Replace string values in a dataframe by using a dictionary

Question

I have a Dataframe with a column called 'cleaned_tweet'. This column consists of tweets with several abbreviations and I want to replace those abbreviations with proper English words. For that, I have prepared a dictionary called 'slangs' where abbr. is the key and the desired English phrase/word as the value and I want to replace all the occurrences of those abbr. with their values in the dictionary. I have looked for several other solutions on stackoverflow but none of them seems to be working. Here is what I have tried. I am using a nested for loop and I believe I am quite close to the solution but I'm doing something wrong, which I can't seem to figure out.

Here's the nested loop:

for i in range(len(train_test_set)):
    for j in slangs:
        train_test_set['cleaned_tweet'][i] = train_test_set['cleaned_tweet'][i].replace(j, slangs[j])

when I executed this code and printed print(train_test_set['cleaned_tweet][0]), I got an unexpected output like this:

"#mopanthank whyour | hi | years oldwhyour | hi | years oldhesitationospecial editekissas insekissperience wall hacken whyour | hi | years oldunited statesing a hallwhyour | hi | years olducinogenic drwhyour | hi | years olduglwhyour | hi | years oldung ladye rainbowhwhy | would whyour | hi | years olduohesitationents | rapper from atalk later | ekissperience wall hacken whyour | hi | years oldunited statesing a hallwhyour | hi | years olducinogenic drwhyour | hi | years olduglwhyour | hi | years oldung ladye rainbowhwhy | would whyour | hi | years olduoue loversatileionwhyes | yeah | yes | your | hi | years oldu | team leaderantaonwhysomethingop it | somethingwhyour | hi | years oldupid idiotake careal edwhyour | hi | years olducatekissas insekissperience wall hacken whyour | hi | years oldunited statesing a hallwhyour | hi | years olducinogenic drwhyour | hi | years olduglwhyour | hi | years oldung ladye..."

It seems many unwanted values are being appended to the cells.
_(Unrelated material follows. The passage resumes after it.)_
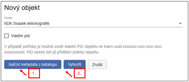 2. Založením prázdného objektu pomocí tlačítka Vytvořit. V tomto případě je potřeba metadata vyplnit ručně.

The output size is really big, so I can't copy it all here. Here is the structure of my dataset and dictionary before executing the code:

Can someone tell me what am I doing wrong?

Answer 1

You can try using the dictionary along with the map() function. Something like this:

slangs = {'abbr1': 'word1', .........}
train_test_set['cleaned_tweet'] = train_test_set['cleaned_tweet'].map(slangs)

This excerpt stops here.